Urolithiasis is a common urinary tract condition with a prevalence of approximately 14% [1]. There are multiple factors which influence an individual’s propensity for formation of urinary tract calculi, the most common of which are age, sex, and ethnicity [1, 2]. Anatomically they can have origin in the upper tract or the lower tract of which those originating in the upper tracts are more common while approximately 5% are found within the bladder [3]. They present a significant clinical and economic burden to the healthcare systems [4, 5]. In an attempt to bring uniformity in management worldwide, many institutions have developed extensive guidelines to aid in the evaluation and management of urolithiasis.

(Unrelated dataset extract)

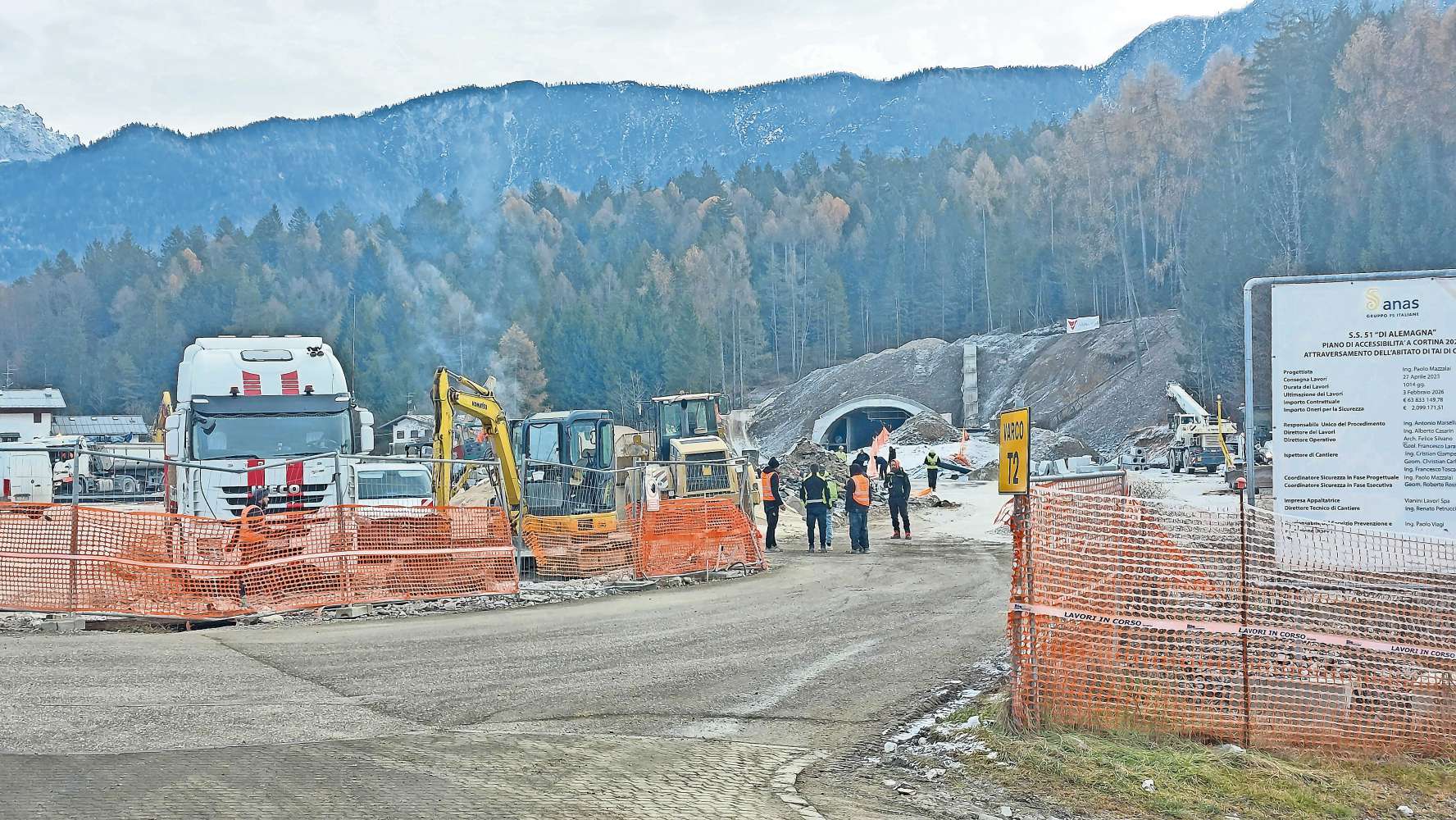 I cantiere sul stradon 51 de Alemagna da ruà in Anpezo

Once the diagnosis of urolithiasis is confirmed, the goal of a diagnostic evaluation is to identify, efficiently and economically, the differences present in the patient’s metabolic physiology to guide effective preventive strategies for recurrence and better assessment of prognosis. The extent of evaluation depends on the factors like: severity and type of stone disease; new stone formation or recurrent stone formation; co-existence of any systemic disease and/or risk factors for recurrent stone formation; family history of nephrolithiasis and last but not the least patient’s interest in stone prevention (Figure 1).

Figure 1.

A stepwise approach for the diagnostic evaluation of suspected nephrolithiasis.

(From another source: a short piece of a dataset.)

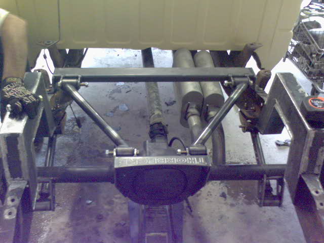Rear: custom built six link w/ Slam Specialties RE 2800 bags, 1994 camaro rear end w/ disc brakes, notched for 24" wheels

Technological advancements in the endourological armamentarium have happened at a rapid pace since its inception and is still going on. As a result, the search for the best treatment modality for any given stone undergoes a frequent shift from one modality to other in accordance with the newer available evidence. The aim of this chapter is to highlight and summarize in the form of an algorithmic approach the best possible treatment of renal and ureteric calculi in accordance with the recommendations from various urological institutions worldwide along with the newer available evidence.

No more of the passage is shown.